Biofilms go through a generalised life cycle. The classic model of biofilm development is a five-step process where biofilms resemble a mushroom-type shape. Planktonic cells (1) adhere, irreversibly, to surfaces which are primed with a conditioning film, followed by (2) proliferation of bacterial cells and an increase in biomass. This mass of cells then undergoes (3) maturation and (4) excretion of extracellular matrix. The final step is (5) dispersal of cells within the biofilm, allowing the dispersed planktonic cells the opportunity to adhere at other sites (Sauer et al., 2002Stoodley et al., 2002). However, it is now thought that not all bacterial species grow in this classical way, especially within a native environment, and this concept has therefore been expanded on in recent years. A new conceptual model has been presented (Sauer et al., 2022), which instead suggests that there are 3 main stages of biofilm development; (1) aggregation and/or attachment, (2) growth and accumulation, and (3) disaggregation and/or detachment, with the possibility to aggregate and detach at any point and that these phases are affected by the environment and different conditions. This new model also accounts for non-surface-associated biofilms, particularly those observed in medicine, such as biofilms that form in the airways of patients with impaired mucociliary clearance (Sauer et al., 2022). Most importantly though, both models show that the maturation of biofilms, and the difference between simple aggregation and true biofilms, is defined by the excretion of extracellular polymeric substances (EPS), composed of carbohydrates, proteins, extracellular DNA (eDNA) and lipids (Di Martino, 2018).

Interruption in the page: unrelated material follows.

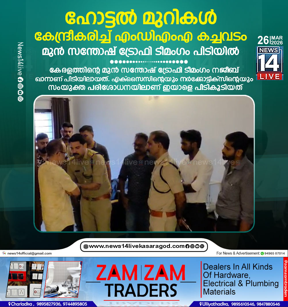 തിരുവനന്തപുരം: ഹോട്ടല് മുറികള് കേന്ദ്രീകരിച്ച് എംഡിഎംഎ കച്ചവടം നടത്തിയ മുന് സന്തോഷ് ട്രോഫി ടീമംഗം പിടിയില്. കേരളത്തിന്റെ മുന് സന്തോഷ് ട്രോഫി ടീമംഗം നജീബ് ഖാനാണ് പിടിയിലായത്.…

Within the body a diverse microbial flora, arranged as biofilms, is associated with the skin and mucosal membranes, and these are highly beneficial to the host, for example within the gut (Macfarlane and Dillon, 2007), vagina (Leccese Terraf et al., 2016) and oral cavity (Robertson and McLean, 2015). However, dysbiosis can lead to changes within these biofilm communities, and can cause diseases such as inflammatory bowel disease (Baumgartner et al., 2021), bacterial vaginosis (Castro et al., 2019), and dental caries (Marsh, 2010), respectively. Bacteria can also cause a range of infections by forming biofilms on almost any indwelling medical device, including prosthetic joints, cardiac pacemakers, prosthetic heart valves, urinary catheters, and intravenous catheters (El Rafei et al., 2016Beaver et al., 2021Vilchez et al., 2021). These infections are often healthcare acquired (i.e. as a direct result of surgical contamination) but can also result from transient haematogenous spread of bacteria in the bloodstream (Honkanen et al., 2019). In addition, non-surface-associated bacterial aggregate biofilm infections are becoming more well-characterised (Alhede et al., 2011Pabst et al., 2016Cai, 2020), which are often chronic and low-grade, such as lung infections in cystic fibrosis patients (Høiby et al., 2010), chronic wound infections (Wei et al., 2019), and chronic otitis media (Akyıldız et al., 2013).

The type of infection being studied is important when choosing a biofilm model and screening technique, and some methods will be more appropriate than others. This review aims to discuss the different modelling techniques and the methods available for assessing functionality of biofilms.